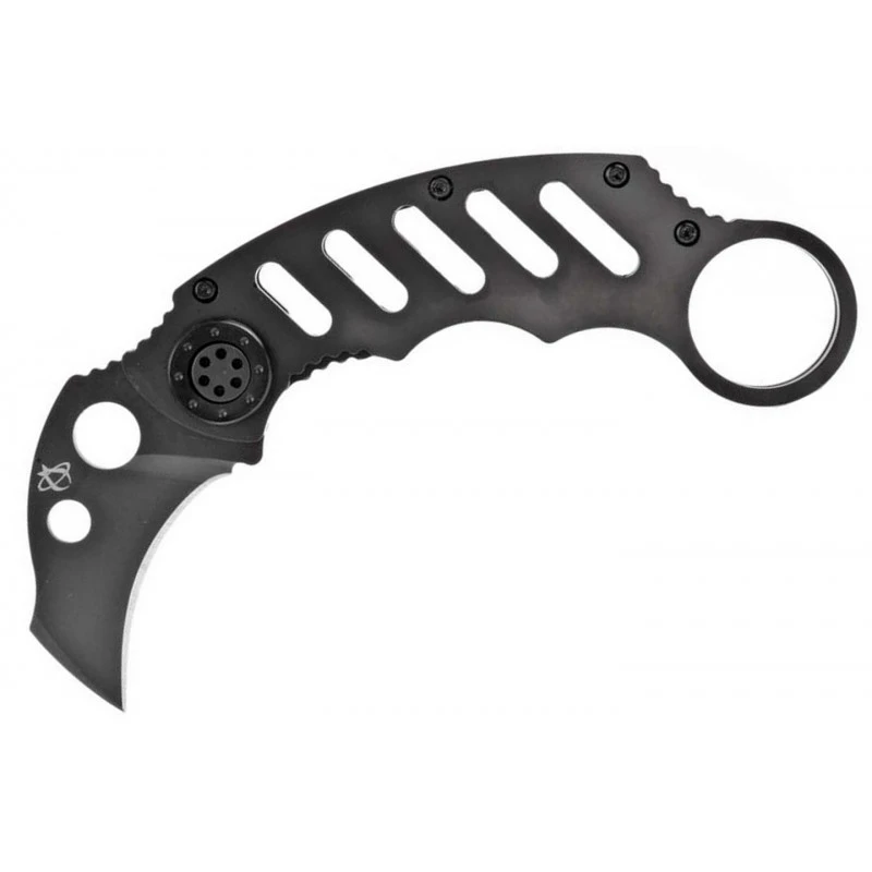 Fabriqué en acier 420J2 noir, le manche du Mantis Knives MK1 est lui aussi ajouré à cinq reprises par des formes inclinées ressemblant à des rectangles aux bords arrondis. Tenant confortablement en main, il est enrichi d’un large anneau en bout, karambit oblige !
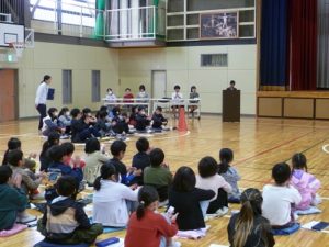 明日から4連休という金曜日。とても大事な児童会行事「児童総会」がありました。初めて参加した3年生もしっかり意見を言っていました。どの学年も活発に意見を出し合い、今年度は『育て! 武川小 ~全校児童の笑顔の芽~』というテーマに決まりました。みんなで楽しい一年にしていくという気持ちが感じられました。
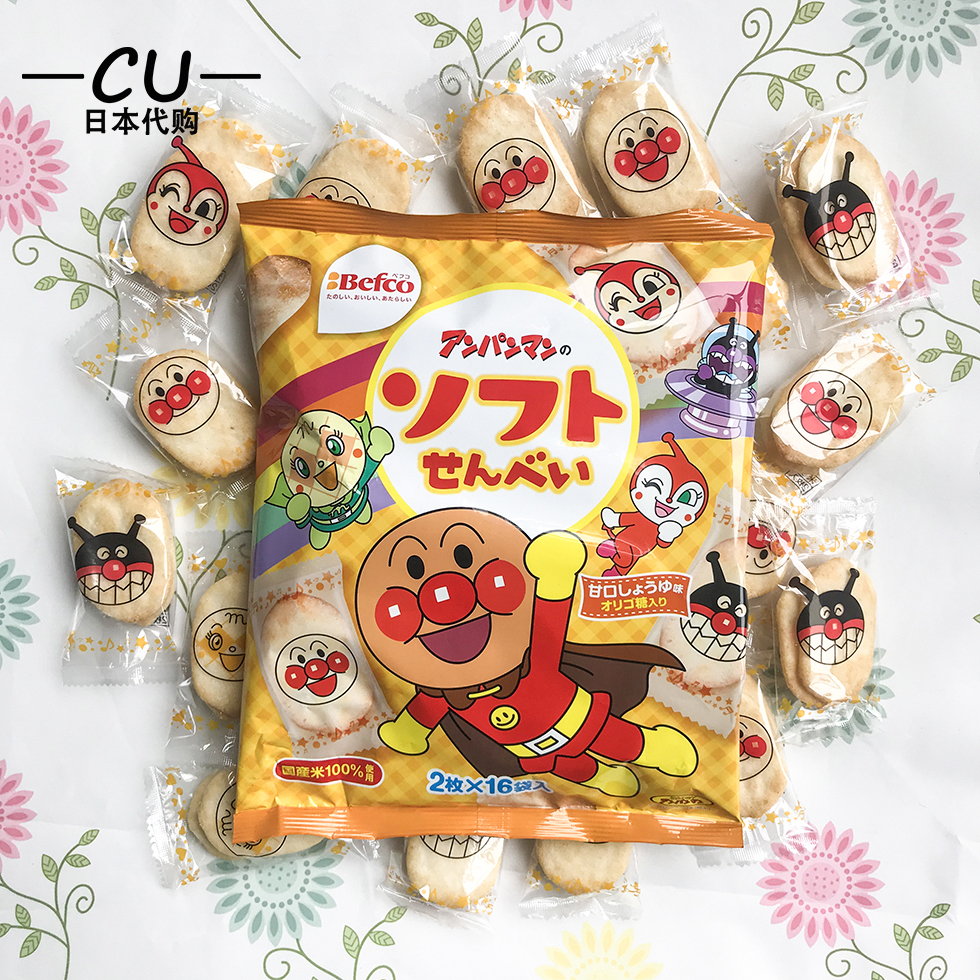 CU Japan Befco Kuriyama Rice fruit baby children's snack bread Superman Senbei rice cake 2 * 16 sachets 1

- [WHAT THIS TASK INVOLVES]:
Set down the material word for word, and drop every picture from it.

- [ANSWER BOX]:
 Fabriqué en acier 420J2 noir, le manche du Mantis Knives MK1 est lui aussi ajouré à cinq reprises par des formes inclinées ressemblant à des rectangles aux bords arrondis. Tenant confortablement en main, il est enrichi d’un large anneau en bout, karambit oblige !
 明日から4連休という金曜日。とても大事な児童会行事「児童総会」がありました。初めて参加した3年生もしっかり意見を言っていました。どの学年も活発に意見を出し合い、今年度は『育て! 武川小 ~全校児童の笑顔の芽~』というテーマに決まりました。みんなで楽しい一年にしていくという気持ちが感じられました。
 CU Japan Befco Kuriyama Rice fruit baby children's snack bread Superman Senbei rice cake 2 * 16 sachets 1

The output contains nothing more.